At a friend’s urging, I signed up with the now-defunct AllAdvantage a couple of years ago. You installed their toolbar, which sat at the bottom of your screen and displayed ads as you surfed, and you recieved payment at a rate I can’t remember now for the length of time you spent actively using it. You also got a percentage of the time the people you referred spent using it.
After a month or so, I got an irate email from the friend who asked me to join saying that she’d had part of her balance revoked because one of her referees had been cheating, and using some program to simulate active use when they hadn’t been really using it. She only had two active referees, so she emailed both of us. We both denied being the cheater. Neither of us was accused or penalised that month.
The following month, AllAdvantage told me I was being investigated, and later informed me that I had been caught cheating and that part of my balance was being revoked. I wrote back, told them I wasn’t cheating and asked for dates and times so I could confirm it wasn’t someone else who had used my computer that month. They refused to give me that information, telling me it would violate their privacy policy. The deduction they made put me just barely under their minimum monthly payout figure, so the balance was rolled over into the next month.

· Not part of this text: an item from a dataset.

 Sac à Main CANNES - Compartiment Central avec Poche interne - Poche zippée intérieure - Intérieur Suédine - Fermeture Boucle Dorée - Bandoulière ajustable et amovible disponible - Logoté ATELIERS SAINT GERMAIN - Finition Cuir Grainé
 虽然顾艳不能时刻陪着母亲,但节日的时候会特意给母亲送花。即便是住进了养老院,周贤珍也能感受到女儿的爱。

Meanwhile, their crappy toolbar kept crashing my computer, so I contacted them for technical advice, surfed only enough to get to my minimum payment amount and sat back and waited. They never responded.

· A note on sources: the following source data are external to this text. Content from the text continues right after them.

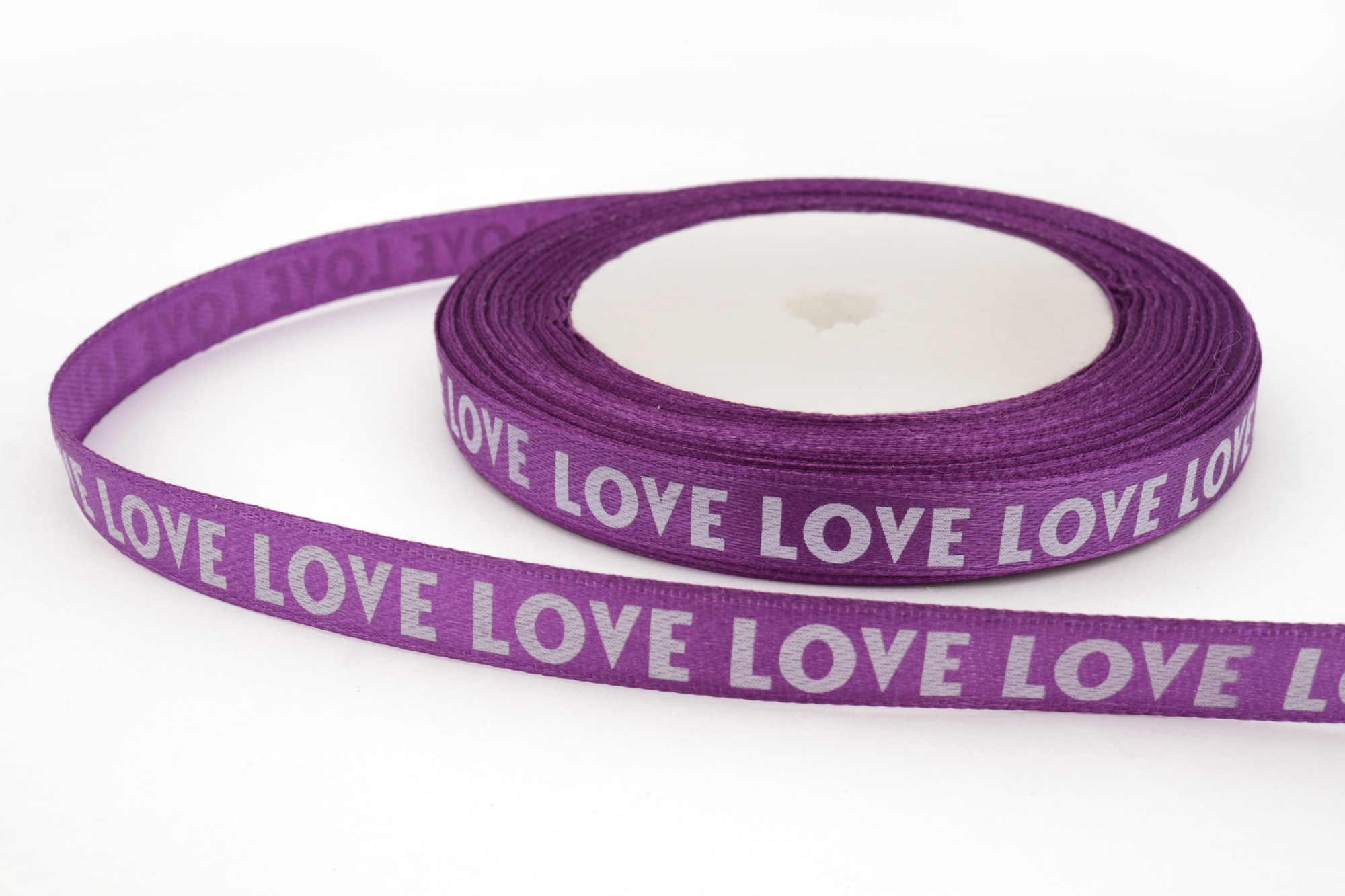 Атласная лента с рисунком "LOVE" (фиолетовый), 10мм * 25 ярдов(+-1) станет необходимостью для сильных, решительных и целеустремленных людей, не боящихся экспериментов со своими образами. Атласные ленты прекрасно подойдут для оформления букетов живых цветов, декорирования и реставрации одежды и обуви, развития творчества своего и своих близких.
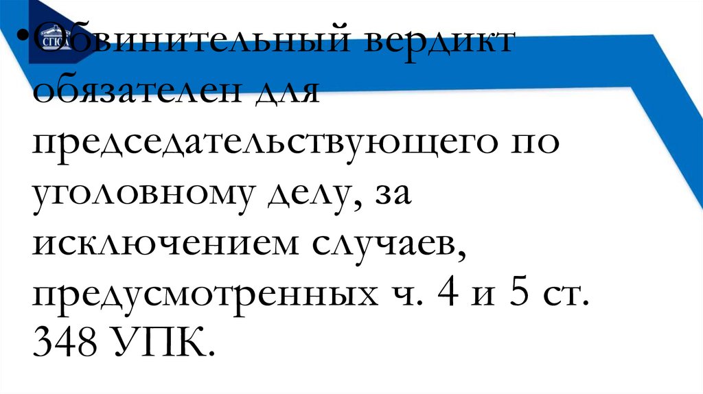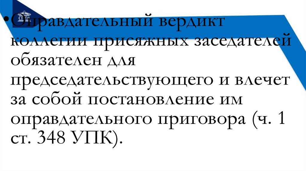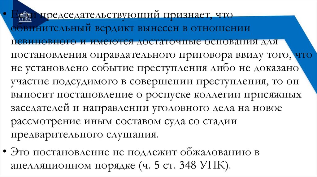 • Если председательствующий признает, чтообвинительный вердикт вынесен в отношении
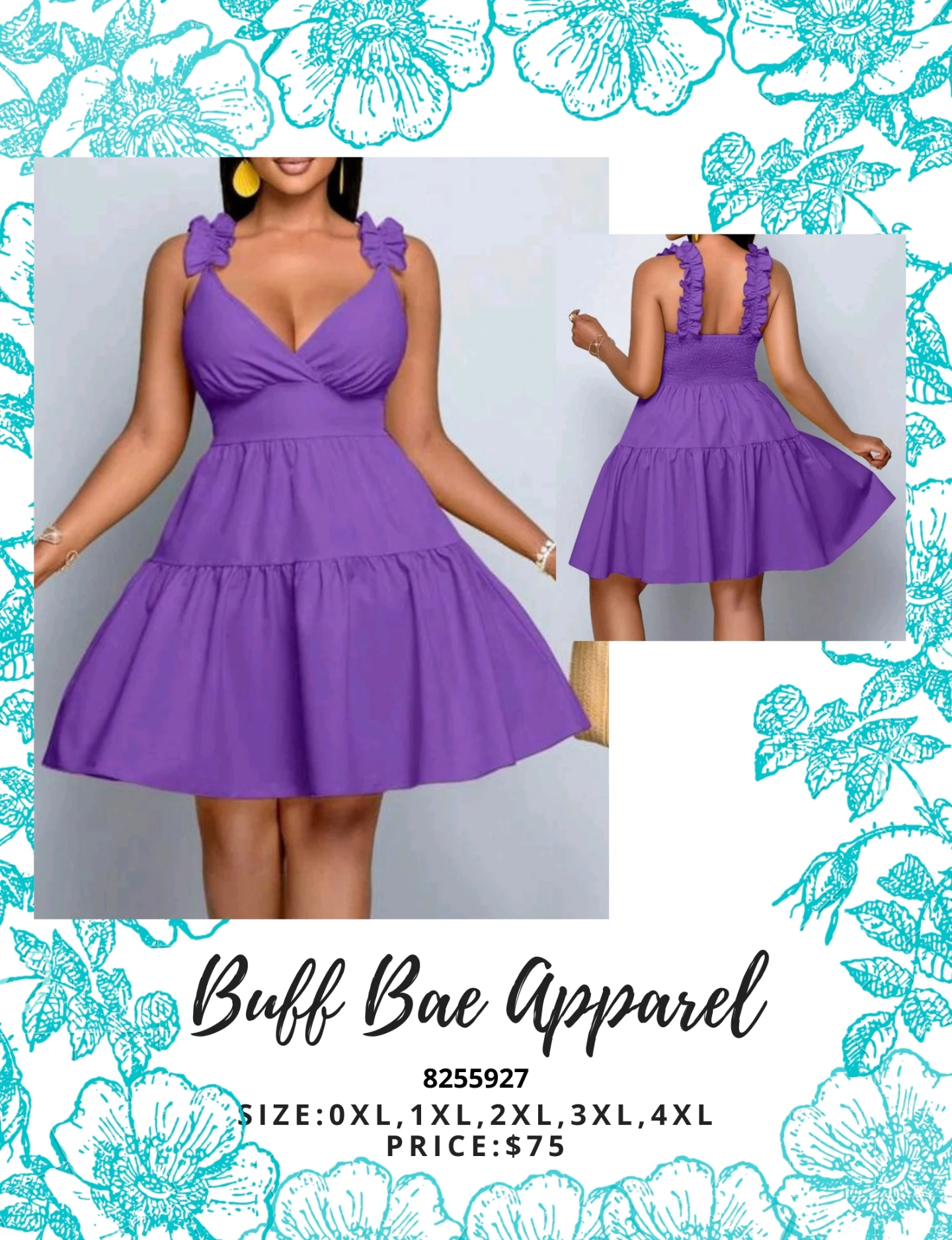 This is a purple mini dress with ruffle straps and a tiered skirt. It features a shirred back and a V-neckline. Available in sizes 0XL, 2XL, 3XL. Material is not specified.
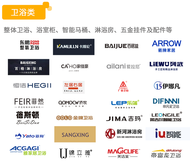 衛(wèi)浴館規(guī)劃在4號(hào)館集中展示,該主題展匯聚了“粵派”、“川派”的整體衛(wèi)浴、浴室柜、淋浴房等品牌企業(yè)參展,包括:東鵬潔具、德國(guó)VMA淋浴房、百格淋浴房、列武淋浴房、金牌衛(wèi)浴、恒潔衛(wèi)浴、箭牌衛(wèi)浴、愛(ài)拉尼、帝凡尼藝術(shù)盆、皓霖淋浴房、現(xiàn)代衛(wèi)浴、樂(lè)鵬衛(wèi)浴、安彼衛(wèi)浴、歐陸衛(wèi)浴、百居益整體衛(wèi)浴、IU智能衛(wèi)浴、皇納衛(wèi)浴、左居右居浴室柜、貝多智能馬桶、統(tǒng)籌智能馬桶、媧普地漏、金德?tīng)柡缥芈?、鏵麗得龍頭、萬(wàn)師傅、川奇智能鏡等等共計(jì)183家衛(wèi)浴企業(yè)報(bào)名參展,各廠家將帶來(lái)最新產(chǎn)品和前沿技術(shù)。
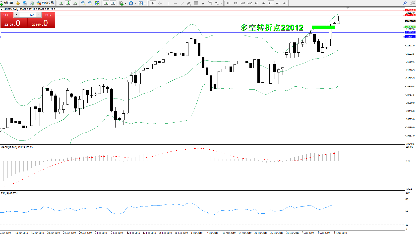 交易策略:22012上方看涨,目标2223722326
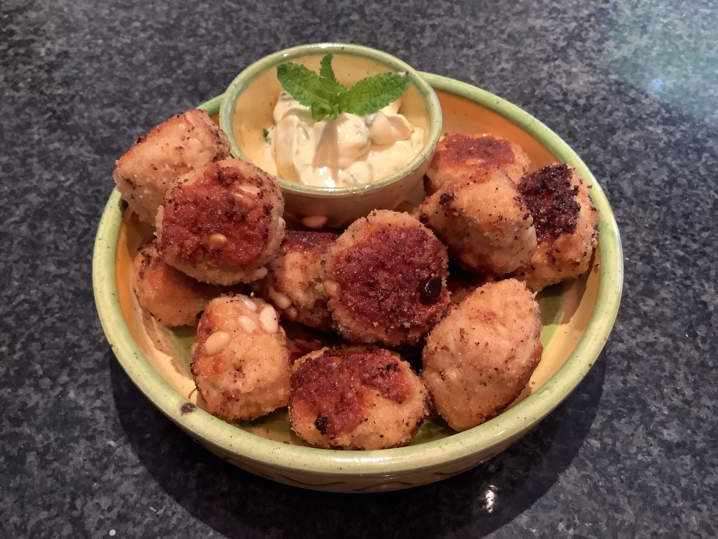 - Façonner de toutes petites boulettes taille apéro et les rouler dans une assiette contenant de la chapelure.

The following month, despite the fact that I’d only surfed a tiny amount in order to get my balance up to minimum payment, I was again informed that I had cheated for the month, and this time they revoked my entire balance - even the portion that had been earned in earlier months, and not previously found to have been earned through cheating! I left in disgust, and celebrated when they went broke a couple of months later.
To sum up:
They deducted money from my friend in month one, saying someone had cheated in month one. They did not “investigate” anyone that month.
They “investigated” me for cheating in month two, and took a portion of my money, but cleared the rest. They did not reclaim this money from my friend (who had earnt referral fees from my “cheating”). The amount she had deducted in the first month didn’t match what I had taken in the second month.

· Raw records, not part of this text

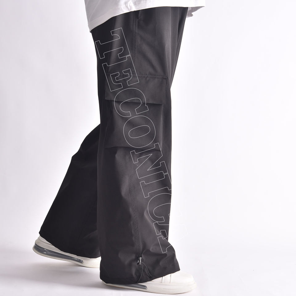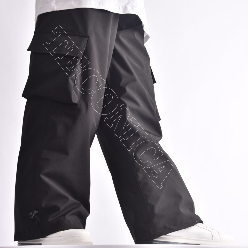 Men's Black Snowboard Cargo Pants with Multiple Pockets Breathable Vent Zippers Drawstring Waist and Waterproof Fabric
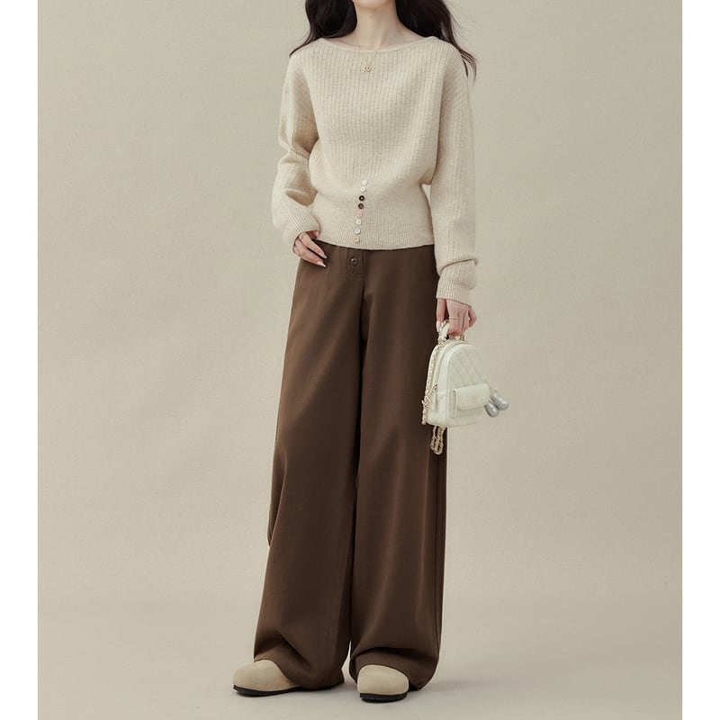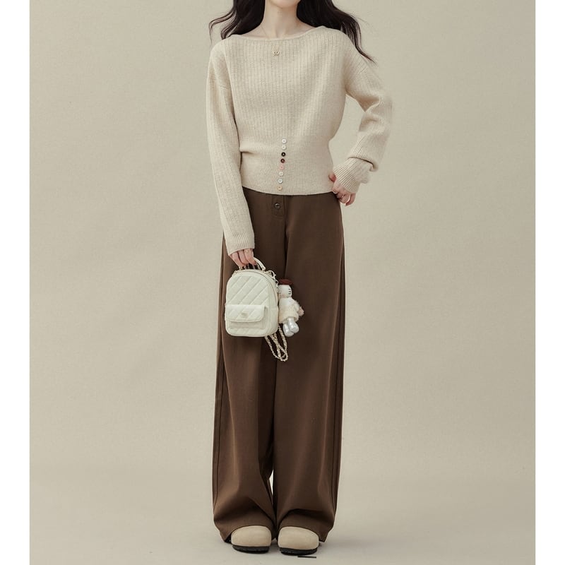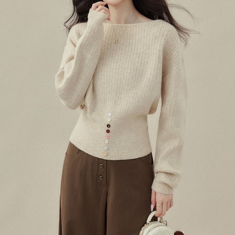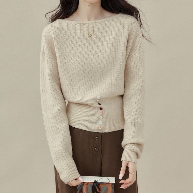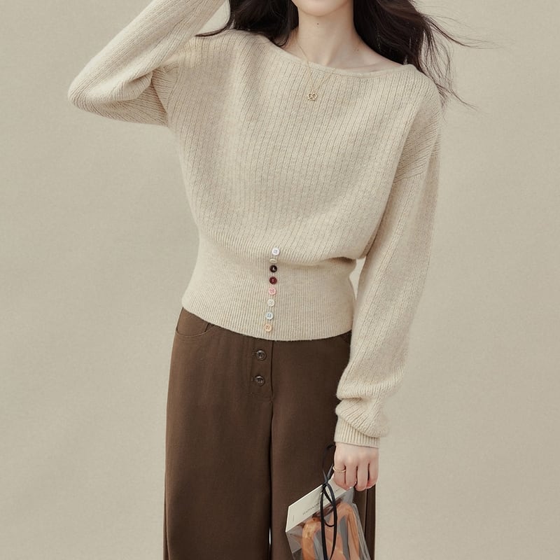 程よい開き具合のネックラインが、デコルテをきれいに見せてくれるニットトップスです。
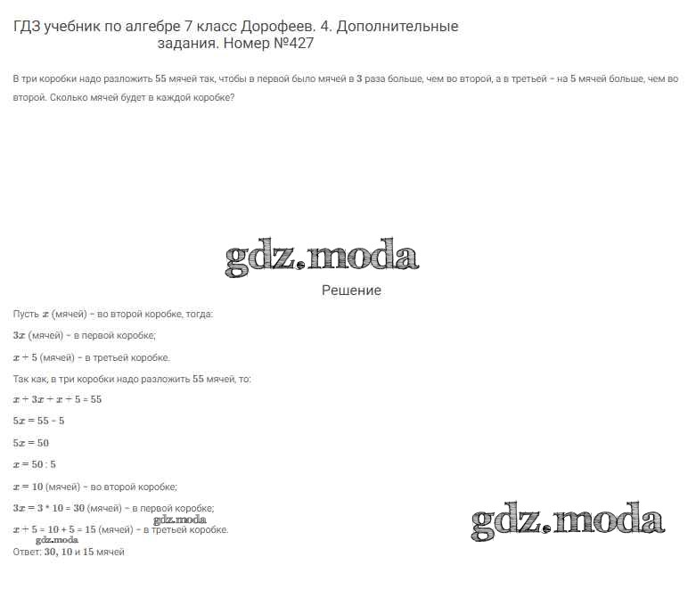 ОТВЕТ на задание № 427 Учебник по Алгебре 7 класс Дорофеев Академический школьный учебник

In the third month, they again “investigated” me for cheating, and this time took my entire balance for months 1, 2 and 3. They did not reclaim this money from my friend either.
My friend did manage to get one paycheck out of them before they went under, but I came out behind in the order of a few dollars - the money I wasted redialling in to the internet when their software crashed my computer - and a significant amount of time.
Also, you **hate to use browsers you son’t want to use. I like using Opera, Netcaptor and Mozilla, because each utilizes my surfing wizardry to the max (I am looking at 12 different web pages now.) But these PTS don’t log hours using these browsers.
Several years ago (centuries in internet time) I signed up with AllAdvantage, and actually got several $20 checks from them. But that was before the internet bubble burst, and they went belly up like all the others. I would be shocked to find a pay-to-surf operation still extant today, especially if they were actually paying out hard cash.